Copy the lines from the start of the records below through the line containing "1.根据各科室工作特点及人数", both included, and leave out the pictures.

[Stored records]
········
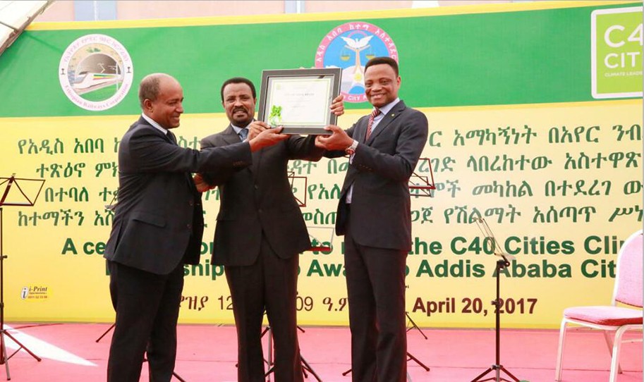 (埃塞当地时间)2017年4月20日上午,C40全球城市绿色发展交通领袖奖发证仪式在埃塞俄比亚首都亚的斯亚贝巴轻轨总部kality车辆段维修楼前隆重举行。C40国际城市气候领导集团非洲区总监哈斯丁斯奇科柯、亚的斯亚贝巴市市长德瑞巴库玛、埃塞铁路公司总裁格塔丘贝特鲁、埃塞政府高官、AALRTS总经理助理王伟、学习总经理汉诺克及各部门中埃方总监等受邀出席该仪式。埃塞俄比亚广播公司等埃国内各大主流媒体进行了现场报道,并向埃塞全国宣传直播。
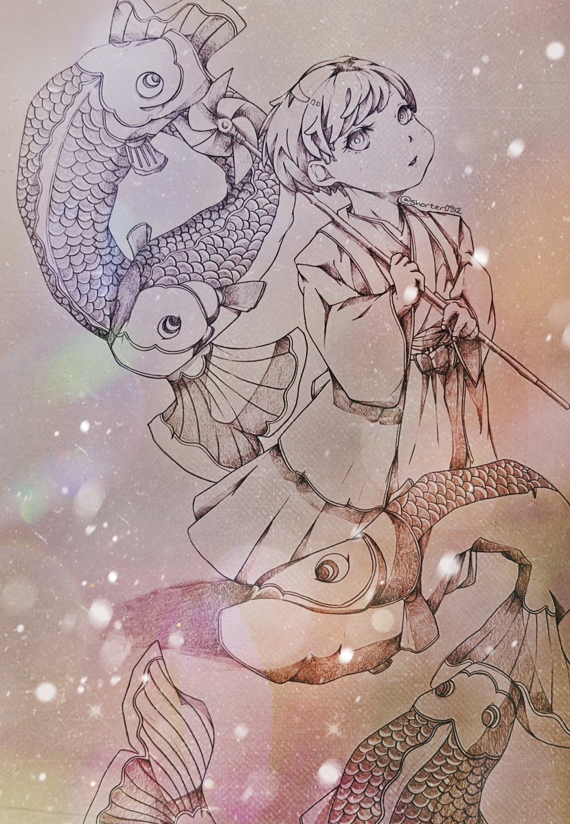 今日は子どもの日🎏 鯉のぼりも空を泳いでます #イラスト #イラスト好きさんと繋がりたい #絵 #絵師さんとつながりたい #デジタルイラスト #らくがき #絵描きさんと繋がりたい #子どもの日 #鯉のぼりの日
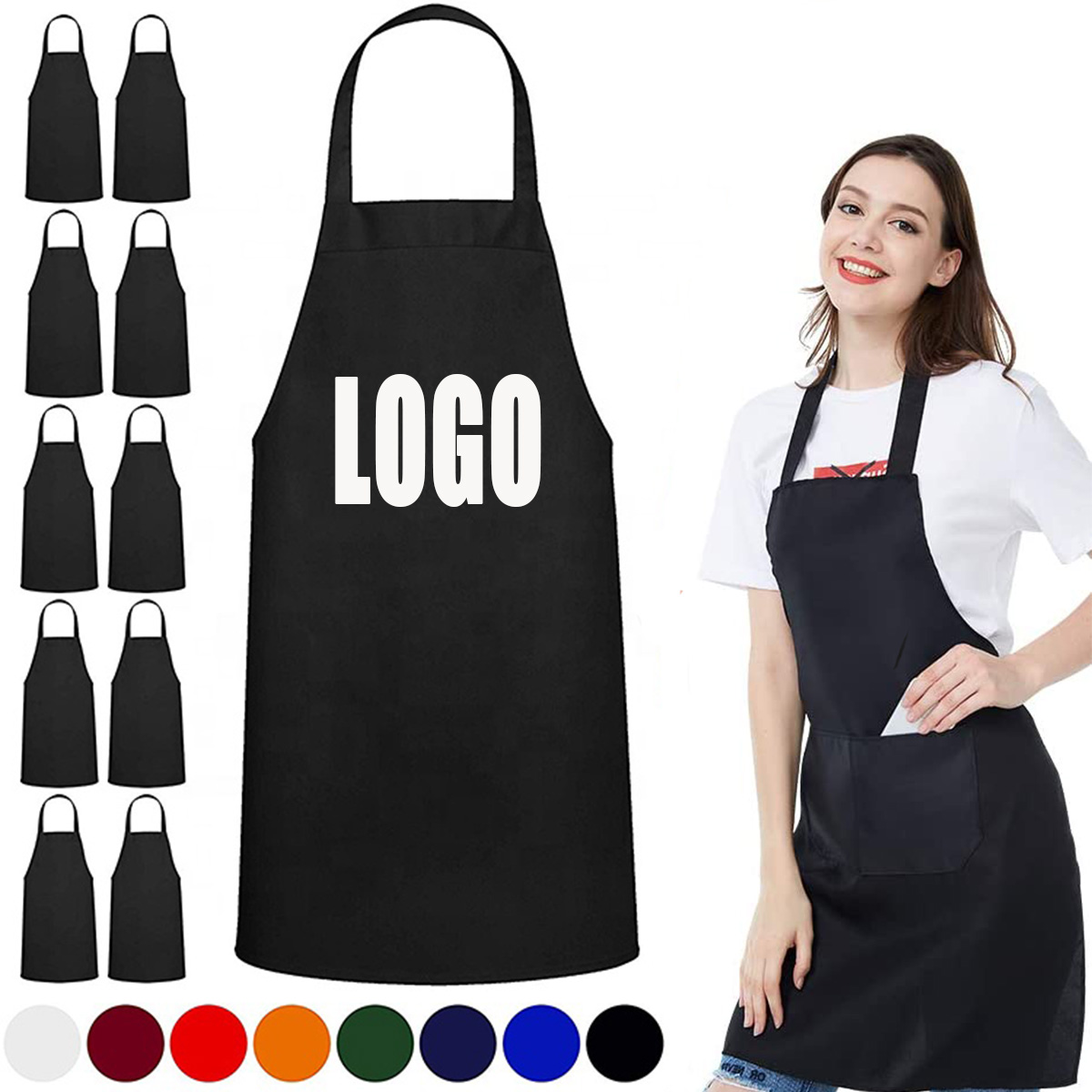 Custom Logo Pure Color Cooking Kitchen Apron For Woman Men Chef Waiter Cafe Shop BBQ Hairdresser Aprons
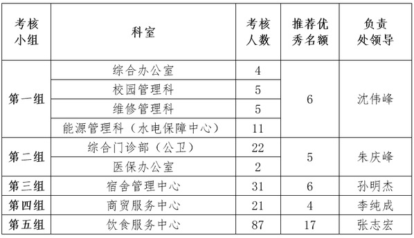 1.根据各科室工作特点及人数,考核分五组进行,每组由一位处领导牵头负责,牵头处领导可根据考核人数再进行分组考核。每组按被考核人数20%的比例分配处(公司)考核优秀推荐指标。具体分组安排如下:
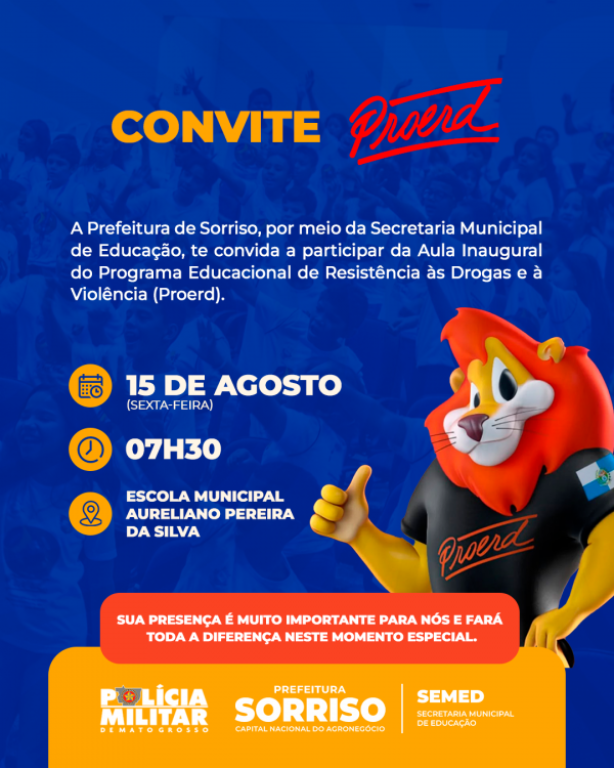 O PROERD, que já existe há mais de 40 anos no Brasil, tem se consolidado como um programa essencial na educação das crianças sobre a importância de escolher caminhos do bem. No Mato Grosso, o programa está em vigor desde 2021, e Sorriso dará início a sua 24ª edição.
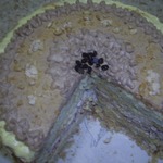 На безе выложить часть крема (не весь, оставить на бока) и накрыть вторым бисквитом. Растолочь песочное печенье (100 г) или, если Вы выравнивали бисквит, крошку бисквита соединить с остатками крема и этой массой обмазать бока торта, скрыть все дефекты.
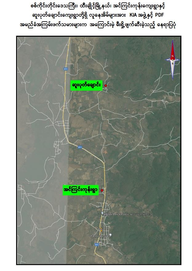 ထိုသို့ဆောင်ရွက်လျက်ရှိရာ စစ်ကိုင်းတိုင်းဒေသကြီး၊ ထီးချိုင့်မြို့နယ်၊ အင်ကြင်း ကုန်းကျေးရွာအတွင်း KIA အဖွဲ့နှင့် PDF အမည်ခံအကြမ်းဖက်သမားများက ဝင်ရောက် နေထိုင်၍ အဖျက်အမှောင့်လုပ်ငန်းများ လုပ်ဆောင်လျက်ရှိကြောင်း အကြမ်းဖက်မှုကို မလိုလားသည့် ကျေးရွာသားအချို့က လုံခြုံရေးတပ်ဖွဲ့ဝင်များထံသို့ လျှို့ဝှက်ဆက်သွယ် အကြောင်းကြားသတင်းပို့လာသဖြင့် လုံခြုံရေးတပ်ဖွဲ့ဝင်များက နိုဝင်ဘာ ၂၇ ရက် ၈ နာရီ ၅၀ မိနစ်ခန့်တွင် အဆိုပါကျေးရွာသို့သွားရောက်၍ လိုအပ်သည့် လုံခြုံရေး လုပ်ငန်းများ ဆောင်ရွက်ခဲ့ရာ KIA အဖွဲ့နှင့် PDF အမည်ခံ အကြမ်းဖက်သမားများက လက်နက်ကြီး၊ လက်နက်ငယ်များဖြင့် စတင်ပစ်ခတ် တိုက်ခိုက်ခဲ့သဖြင့် လုံခြုံရေးတပ်ဖွဲ့ဝင်များက ပြန်လည်ပစ်ခတ်တိုက်ခိုက်ခဲ့ရာ အကြမ်းဖက်အဖွဲ့များသည် ကျေးရွာ၏ အနောက်တောင်ဘက်သို့ ဆုတ်ခွာထွက်ပြေးသွားခဲ့ပြီး ၎င်းတို့ဆုတ်ခွာသွားစဉ် ကျေးရွာအတွင်းရှိ နေအိမ်မျာအား မီးရှို့ဖျက်ဆီးခဲ့သဖြင့် လူနေအိမ် ၄၀ လုံး မီးလောင် ဆုံးရှုံးခဲ့ကြောင်းသိရှိရသည်။
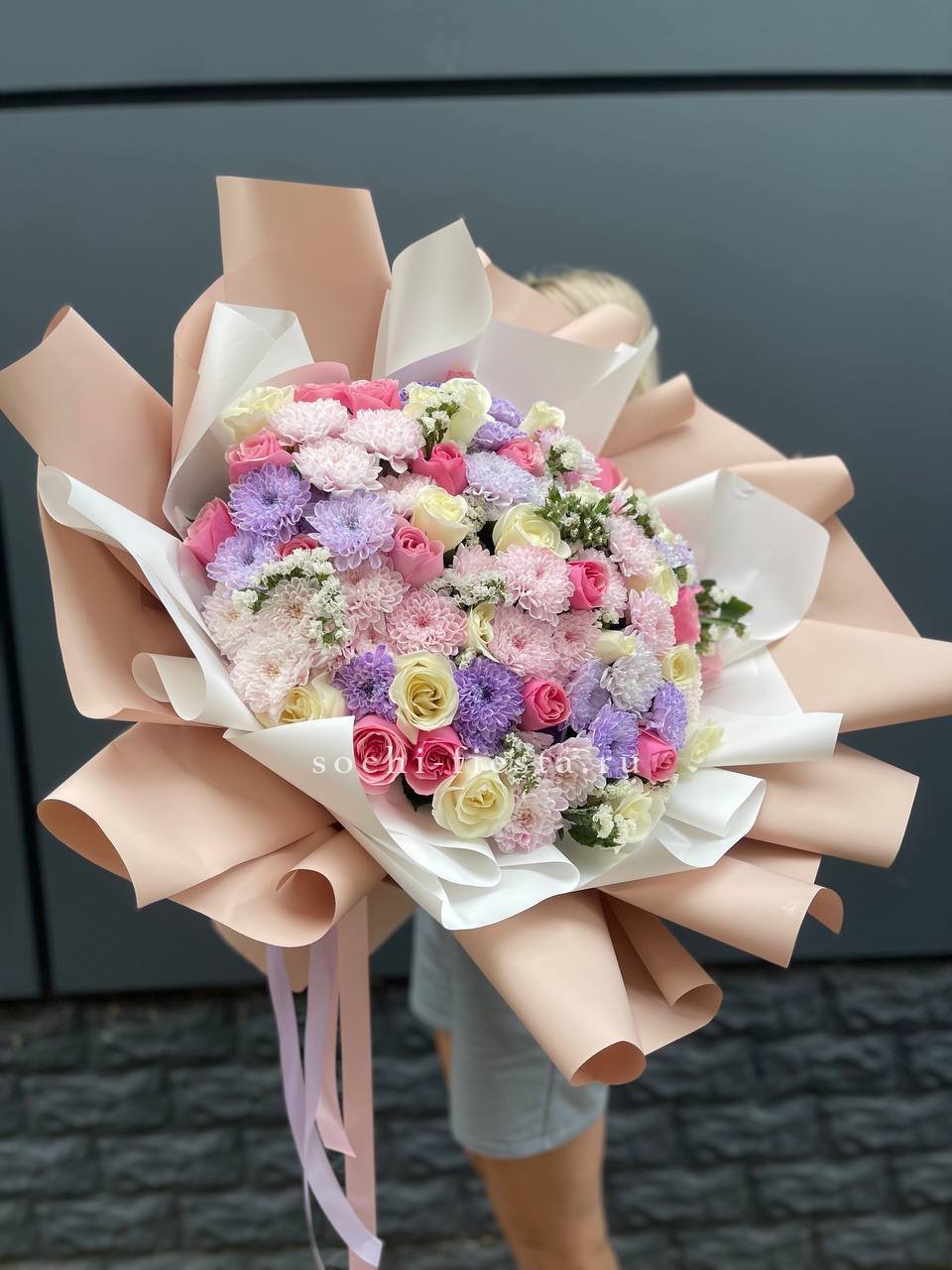 Авторская работа с плотным наполнением и выразительной палитрой. Розы и хризантемы образуют многослойную структуру, где каждый бутон раскрывается в своём ритме.
········
EXERCISE OUTPUT:
 (埃塞当地时间)2017年4月20日上午,C40全球城市绿色发展交通领袖奖发证仪式在埃塞俄比亚首都亚的斯亚贝巴轻轨总部kality车辆段维修楼前隆重举行。C40国际城市气候领导集团非洲区总监哈斯丁斯奇科柯、亚的斯亚贝巴市市长德瑞巴库玛、埃塞铁路公司总裁格塔丘贝特鲁、埃塞政府高官、AALRTS总经理助理王伟、学习总经理汉诺克及各部门中埃方总监等受邀出席该仪式。埃塞俄比亚广播公司等埃国内各大主流媒体进行了现场报道,并向埃塞全国宣传直播。
 今日は子どもの日🎏 鯉のぼりも空を泳いでます #イラスト #イラスト好きさんと繋がりたい #絵 #絵師さんとつながりたい #デジタルイラスト #らくがき #絵描きさんと繋がりたい #子どもの日 #鯉のぼりの日
 Custom Logo Pure Color Cooking Kitchen Apron For Woman Men Chef Waiter Cafe Shop BBQ Hairdresser Aprons
 1.根据各科室工作特点及人数,考核分五组进行,每组由一位处领导牵头负责,牵头处领导可根据考核人数再进行分组考核。每组按被考核人数20%的比例分配处(公司)考核优秀推荐指标。具体分组安排如下:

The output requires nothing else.